The U.S. Postal Service manages access to information resources using multiple types of accounts, including privileged accounts. Privileged accounts are those that have higher levels of rights such as account creation, update, deletion, or full application functionality. The Postal Service uses both automated and manual processes to manage account access and authorization to information resources. Proper management and monitoring of privileged accounts is important to ensure information is secure and systems and data are not modified without authorization.
Our objective was to determine if the Postal Service is effectively managing privileged accounts in accordance with Postal Service policies and best practices.
What the OIG Found
The Postal Service is not effectively managing all privileged accounts in accordance with its policies and best practices. Specifically, the Postal Service has not developed adequate guidance and controls to identify and manage privileged accounts. The [redacted] allows for the identification of privileged accounts; however, we found that the Postal Service only used this feature for [redacted] systems. As a result, management could not identify all privileged accounts throughout the Postal Service.
We reviewed accounts for three systems that did not use the privileged identifier field in eAccess to determine if controls over privileged accounts existed within each system. We found that [redacted] percent of the users for these three systems did not have proper authorization for privileged accounts and [redacted] percent of the users did not have the appropriate security clearance. Also, users did not always [redacted], as required by Postal Service policy.

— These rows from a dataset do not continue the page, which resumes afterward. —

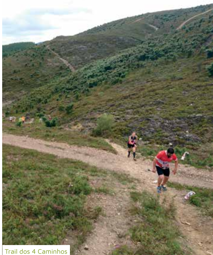
Trail dos 4 Caminhos

Os melhores atletas são anualmente reconhecidos nas Galas de Mérito Desportivo e do Circuito trilhos de Valongo.
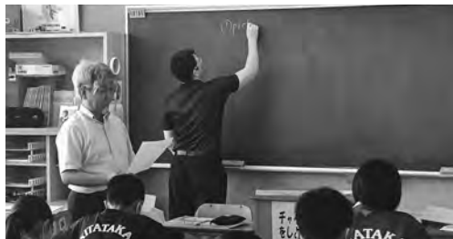
フェイスガードをしての英語の授業 (北中)

本来であれば、現場に直接伺い、実態を把握することが望ましいが、新型コロナウイルス対策を実施しているため、現地調査は行いませんでした。
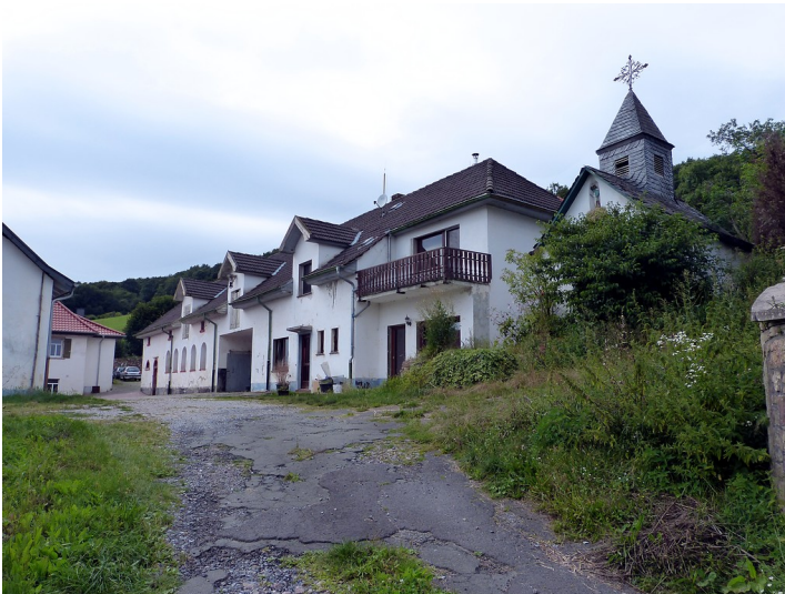
Oberer Weinbergerhof bei Dörrebach (2016)
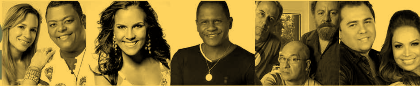
FILHOS DE JORGE JU MORAES ARAKETU PARALAMAS AVIÕES
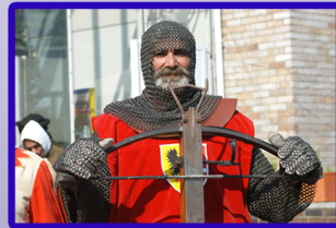
Un(n)a Festa Italiana mit Armbrustschützen aus Unnas Partnerstadt Pisa
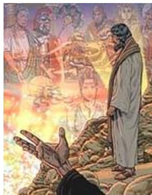
Satans macht over de wereld

“En daarna bracht de duivel Hem op een hoge berg en liet Hem in een ogenblik tijd al de koninkrijken van de wereld [Gr. oikumene ] zien. En de duivel zei tegen Hem: Ik zal U al deze macht en de heerlijkheid van deze koninkrijken geven, want die is aan mij overgegeven en ik geef die aan wie ik maar wil; dus, als U mij zult aanbidden, zal het allemaal van U zijn” (Lukas 4:5-7).
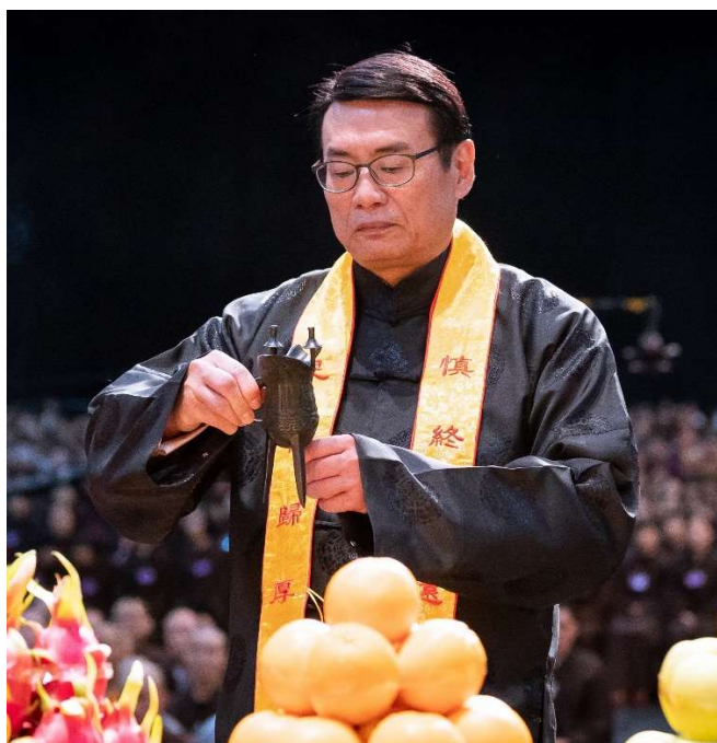
接爵：右手握爵耳，左手持爵腳。
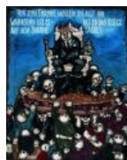
Картина Хейдиз из собрания Московского музея современного искусства.

Management also does not adequately monitor privileged account activity. The owners and administrators of the three systems we reviewed, as well as the Corporate Information Security Office, are not maintaining system and audit logs or tracking privileged users’ last logons to monitor user activity, as required by Postal Service policy. We also found the Postal Service does not have a comprehensive training program for all privileged users to ensure they understand their roles, responsibilities, and the risks associated with their elevated privileges.
These issues occurred because:
- Management focused on other areas of cyber security and has not yet developed comprehensive guidance for defining, identifying, and managing privileged accounts.

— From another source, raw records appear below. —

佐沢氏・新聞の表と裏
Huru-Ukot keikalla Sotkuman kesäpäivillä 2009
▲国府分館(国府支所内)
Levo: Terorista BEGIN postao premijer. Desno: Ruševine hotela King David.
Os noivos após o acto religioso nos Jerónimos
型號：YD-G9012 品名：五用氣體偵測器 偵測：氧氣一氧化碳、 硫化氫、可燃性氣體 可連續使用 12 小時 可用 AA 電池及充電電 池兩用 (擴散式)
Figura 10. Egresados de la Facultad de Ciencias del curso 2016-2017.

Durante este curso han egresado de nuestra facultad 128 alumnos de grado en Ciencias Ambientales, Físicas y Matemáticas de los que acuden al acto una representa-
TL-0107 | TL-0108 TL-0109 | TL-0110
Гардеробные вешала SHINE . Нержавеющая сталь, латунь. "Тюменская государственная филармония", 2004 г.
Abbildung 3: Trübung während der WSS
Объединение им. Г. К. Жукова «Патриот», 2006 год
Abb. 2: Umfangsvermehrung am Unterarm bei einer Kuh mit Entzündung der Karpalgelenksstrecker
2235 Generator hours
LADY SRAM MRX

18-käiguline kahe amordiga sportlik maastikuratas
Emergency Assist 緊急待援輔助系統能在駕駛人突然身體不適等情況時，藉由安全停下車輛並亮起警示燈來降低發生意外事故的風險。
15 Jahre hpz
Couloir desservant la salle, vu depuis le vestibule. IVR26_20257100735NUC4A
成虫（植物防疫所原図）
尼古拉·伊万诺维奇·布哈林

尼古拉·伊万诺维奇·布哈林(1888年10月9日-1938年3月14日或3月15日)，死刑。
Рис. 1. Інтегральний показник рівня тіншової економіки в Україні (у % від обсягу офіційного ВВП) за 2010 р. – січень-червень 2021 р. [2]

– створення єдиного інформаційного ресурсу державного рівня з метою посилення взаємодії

- System owners did not require all privileged users to follow Postal Service policy when requesting privileged access and did not ensure that users have the appropriate security clearance prior to granting access.
- System owners were not aware of the [redacted] requirement.
- Management has not defined business practices for monitoring privileged accounts or implemented privileged access management tools in accordance with best practices.
- Postal Service policy does not require all privileged users to complete training.
Without proper management of privileged accounts, the Postal Service cannot ensure the confidentiality and integrity of its data, which could lead to data loss and reduced confidence in the Postal Service brand. Without proper monitoring of privileged accounts, the Postal Service cannot ensure privileged users have accountability in order to prevent accidental harm or malicious activity. In addition, the lack of a comprehensive training program for all privileged users exposes the Postal Service to credential or password compromise.
What the OIG Recommended
We recommended management:
- Strengthen controls over privileged users by continuing to develop overarching guidance and controls for managing privileged accounts that includes establishing a consistent method for identifying all privileged accounts.
- Develop and continuously maintain a complete and accurate listing of privileged accounts for Postal Service systems.
- Require all users to follow Postal Service policy when requesting and granting privileged access, ensure privileged users have proper security clearances, and require privileged users to [redacted].
- Clearly define the responsibilities for monitoring privileged accounts, implement privileged access management tools, and track privileged users’ activity.
- Develop a comprehensive privileged user training program, and require all privileged users to complete the training before assuming their privileged role, followed by periodic refresher training.